In the records, find each line where "Avec" occurs, and copy it.

**Task input**.

———

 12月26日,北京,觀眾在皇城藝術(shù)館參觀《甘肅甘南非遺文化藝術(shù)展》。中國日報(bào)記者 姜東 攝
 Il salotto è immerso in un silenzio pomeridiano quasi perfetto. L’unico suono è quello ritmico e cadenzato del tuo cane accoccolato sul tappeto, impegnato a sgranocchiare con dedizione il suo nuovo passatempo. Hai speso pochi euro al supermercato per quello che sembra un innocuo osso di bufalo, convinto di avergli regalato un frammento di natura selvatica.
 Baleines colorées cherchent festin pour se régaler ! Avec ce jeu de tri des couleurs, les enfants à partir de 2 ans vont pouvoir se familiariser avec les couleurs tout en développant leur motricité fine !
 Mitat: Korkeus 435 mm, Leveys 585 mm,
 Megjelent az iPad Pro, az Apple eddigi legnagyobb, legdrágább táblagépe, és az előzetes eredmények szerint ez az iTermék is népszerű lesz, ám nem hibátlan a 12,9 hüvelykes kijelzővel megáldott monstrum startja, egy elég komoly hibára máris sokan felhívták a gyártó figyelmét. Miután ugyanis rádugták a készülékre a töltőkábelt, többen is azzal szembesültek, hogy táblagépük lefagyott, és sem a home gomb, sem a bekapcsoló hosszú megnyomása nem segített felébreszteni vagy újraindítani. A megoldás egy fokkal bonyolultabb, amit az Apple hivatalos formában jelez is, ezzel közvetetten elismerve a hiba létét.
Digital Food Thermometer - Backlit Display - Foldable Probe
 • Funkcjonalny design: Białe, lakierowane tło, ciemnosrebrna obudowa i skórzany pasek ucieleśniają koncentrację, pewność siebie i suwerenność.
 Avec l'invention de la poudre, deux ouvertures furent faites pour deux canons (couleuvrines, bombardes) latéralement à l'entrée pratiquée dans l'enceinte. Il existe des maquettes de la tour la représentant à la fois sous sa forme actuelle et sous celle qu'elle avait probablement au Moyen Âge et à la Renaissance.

———

**Expected output**.
 Baleines colorées cherchent festin pour se régaler ! Avec ce jeu de tri des couleurs, les enfants à partir de 2 ans vont pouvoir se familiariser avec les couleurs tout en développant leur motricité fine !
 Avec l'invention de la poudre, deux ouvertures furent faites pour deux canons (couleuvrines, bombardes) latéralement à l'entrée pratiquée dans l'enceinte. Il existe des maquettes de la tour la représentant à la fois sous sa forme actuelle et sous celle qu'elle avait probablement au Moyen Âge et à la Renaissance.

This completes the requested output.